Be careful when creating the transformation and inverse transformation routines. The transformation routine must unambiguously and reliably encode every possible input value. The inverse routine must faithfully return the original value in every case. Errors in these routines can produce delayed symptoms that could be hard to debug. These routines may not be written in M.

Defining a Default Database Collation Method

GT.M lets you define an alternative collation sequence as the default when creating a new database. Subsequently, this default is applied when each new global is created.

This default collation sequence is set as a GDE qualifier for the ADD, CHANGE, and TEMPLATE commands using the following syntax:


This qualifier always applies to regions, and takes effect when a database is created with MUPIP CREATE. The output of GDE SHOW displays this value, and DSE DUMP -FILEHEADER also includes this information. In the absence of an alternative default collations sequence, the default used is 0, or ASCII.

The value cannot be changed once a database file is created, and will be in effect for the life of the database file. The same restriction applies to the version of the collation sequence. The version of a collation sequence implementation is also stored in the database fileheader and cannot be modified except by recreating the file.

If the code of the collation sequence changes, making it incompatible with the collation sequence in use when the database was created, use the following procedure to ensure the continued validity of the database. MUPIP EXTRACT the database using the older compatible collation routines, then recreate and MUPIP LOAD using the newer collation routines.

Establishing A Local Collation Sequence

All subscripted local variables for a process must use the same collation sequence. The collation sequence used by local variables can be established as a default or in the current process. The local collation sequence can only be changed when a process has no subscripted local variables defined.

To establish a default local collation sequence provide a numeric value to the environment variable gtm_local_collate to select one of the collation tables, for example:

$ gtm_local_collate=n
$ export gtm_local_collate

where n is the number of a collation sequence that matches a valid collation number defined by an environment variable in the form gtm_collate_n.

An active process can use the %LCLCOL utility to define the collation sequence for subscripts of local variables. %LCLCOL has these extrinsic entry points:

set^%LCLCOL(n)changes the local collation to the type specified by n.

If the collation sequence is not available, the routine returns a false (0) and does not modify the local collation sequence.


IF '$$set^%LCLCOL(3) D
. Write "local collation sequence not changed",! Break

This piece of code illustrates $$set^LCLCOL used as an extrinsic. It would write an error message and BREAK if the local collation sequence was not set to 3.

set^%LCLCOL(n,ncol) determines the null collation type to be used with the collation type n.

  • If the truth value of ncol is FALSE(0), local variables use the GT.M standard null collation.

  • If the truth value of ncol is TRUE(1), local variables use the M standard null collation.

With set^%LCLCOL(,ncol), the null collation order can be changed while keeping the alternate collation order unchanged.

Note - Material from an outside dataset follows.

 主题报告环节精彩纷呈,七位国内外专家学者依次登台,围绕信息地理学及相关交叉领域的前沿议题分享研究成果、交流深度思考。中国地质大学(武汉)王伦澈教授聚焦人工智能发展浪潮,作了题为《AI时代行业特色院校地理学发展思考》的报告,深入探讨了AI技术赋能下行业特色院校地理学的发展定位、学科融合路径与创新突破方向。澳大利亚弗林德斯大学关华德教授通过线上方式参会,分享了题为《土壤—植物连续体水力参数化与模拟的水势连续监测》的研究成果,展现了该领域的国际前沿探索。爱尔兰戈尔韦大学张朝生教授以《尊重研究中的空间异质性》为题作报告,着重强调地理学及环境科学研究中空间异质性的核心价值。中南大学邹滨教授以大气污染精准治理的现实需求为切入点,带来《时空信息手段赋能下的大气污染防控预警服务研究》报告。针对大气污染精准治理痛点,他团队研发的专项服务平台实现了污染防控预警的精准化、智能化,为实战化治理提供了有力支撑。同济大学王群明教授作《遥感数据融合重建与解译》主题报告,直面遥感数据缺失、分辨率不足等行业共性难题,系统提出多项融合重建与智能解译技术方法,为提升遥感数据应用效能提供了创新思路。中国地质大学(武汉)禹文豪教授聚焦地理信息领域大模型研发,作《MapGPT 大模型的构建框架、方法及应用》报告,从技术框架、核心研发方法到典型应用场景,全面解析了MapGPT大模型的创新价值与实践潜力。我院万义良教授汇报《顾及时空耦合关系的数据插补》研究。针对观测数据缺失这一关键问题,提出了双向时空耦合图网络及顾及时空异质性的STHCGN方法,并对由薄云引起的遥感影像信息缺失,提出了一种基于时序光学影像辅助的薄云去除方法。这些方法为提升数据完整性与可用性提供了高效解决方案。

If subscripted local variables exist, null collation order cannot be changed. In this case, GT.M issues GTM-E-COLLDATAEXISTS.

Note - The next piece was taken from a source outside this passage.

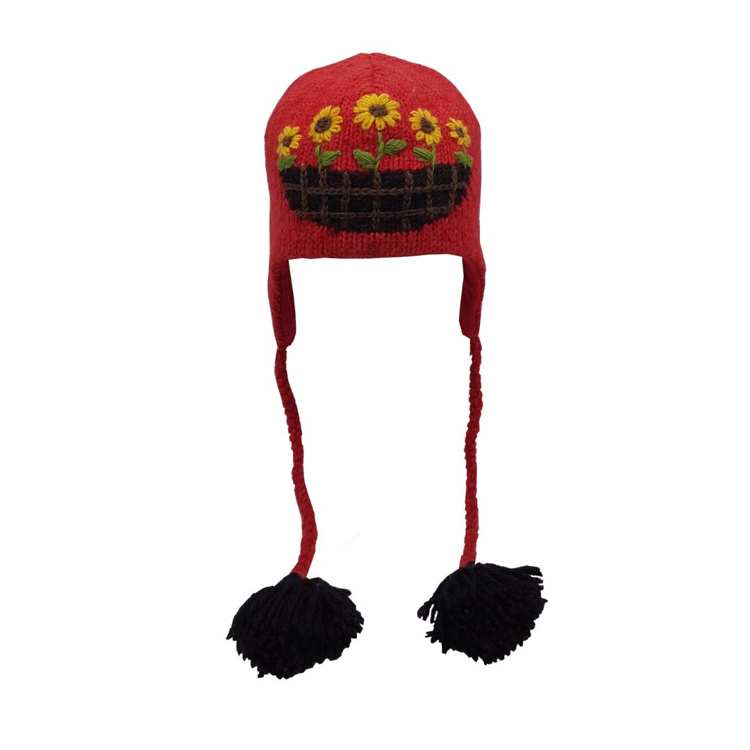 Earflap hat with Sunflower embroidery and Braided tassel.

get^%LCLCOL returns the current local type.


GTM>Write $$get^%LCLCOL

This example uses $$get^%LCLCOL as an extrinsic that returns 0, indicating that the effective local collation sequence is the standard M collation sequence.

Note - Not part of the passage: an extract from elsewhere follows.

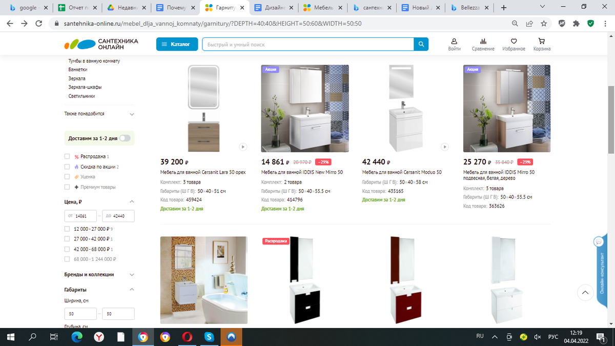 За мебелью пошли на сайт santehnika-online.ru. Во-первых, это надежнее, чем крупные международные офлайн-гипермаркеты, которые как раз закрывались, во-вторых удобнее, никто не торопит и можно спокойно осмотреться и подумать. В наличии у них более 500 брендов, и можно спокойно подобрать нужный.

If set^%LCLCOL is not specified and gtm_local_collate is not defined, or is invalid, the process uses M standard collation. The following would be considered invalid values:

  • A value less than 0

  • A value greater than 255

  • A legal collation sequence that is inaccessible to the shared library

Inaccessibility could be caused by a missing environment variable, a missing image, or by security denial of access.